PROBLEM REQUIREMENTS
Starting with the line below that holds "Cet appartement dispose" and stopping after the line that holds "天然木無垢のルーバーで生活感を隠して収納 食器棚 幅80cm", transcribe the lines exactly, leaving out all pictures.

EXCERPTED DATA
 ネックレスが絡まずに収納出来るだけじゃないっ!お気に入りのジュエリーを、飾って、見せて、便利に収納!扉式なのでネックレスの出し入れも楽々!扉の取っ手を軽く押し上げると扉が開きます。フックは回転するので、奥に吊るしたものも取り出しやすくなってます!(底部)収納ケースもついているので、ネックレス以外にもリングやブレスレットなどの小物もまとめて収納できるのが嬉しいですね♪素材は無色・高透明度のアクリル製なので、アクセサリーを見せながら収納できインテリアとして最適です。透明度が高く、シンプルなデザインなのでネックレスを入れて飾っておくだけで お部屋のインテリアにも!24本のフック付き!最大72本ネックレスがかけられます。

==

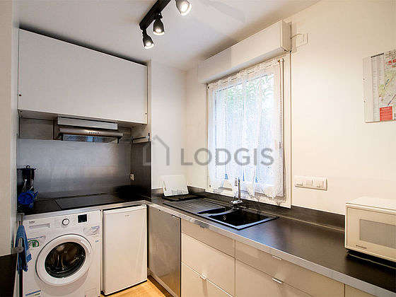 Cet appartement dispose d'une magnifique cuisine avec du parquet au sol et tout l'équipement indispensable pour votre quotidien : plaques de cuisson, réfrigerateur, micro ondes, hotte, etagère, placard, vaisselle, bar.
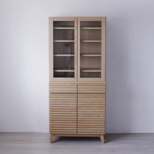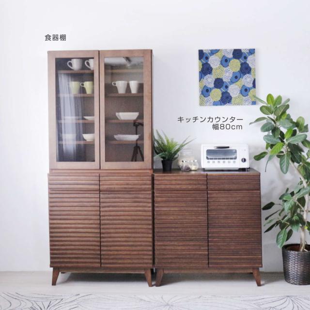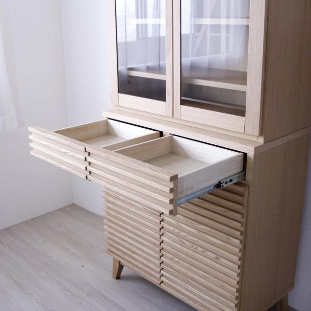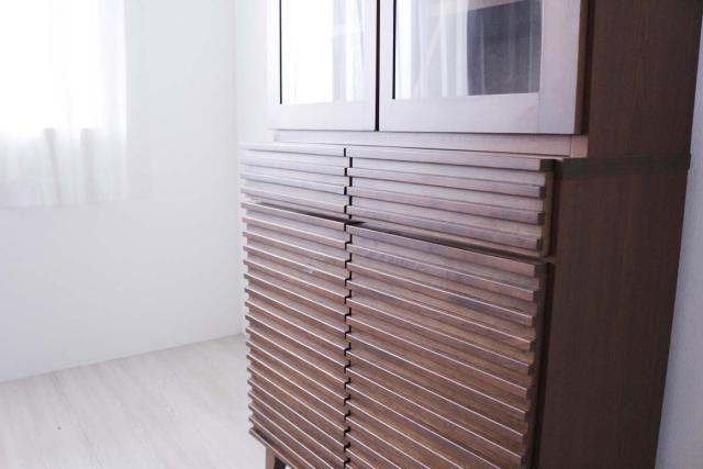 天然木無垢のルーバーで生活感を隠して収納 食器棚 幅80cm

RESULT BELOW
 Cet appartement dispose d'une magnifique cuisine avec du parquet au sol et tout l'équipement indispensable pour votre quotidien : plaques de cuisson, réfrigerateur, micro ondes, hotte, etagère, placard, vaisselle, bar.
 天然木無垢のルーバーで生活感を隠して収納 食器棚 幅80cm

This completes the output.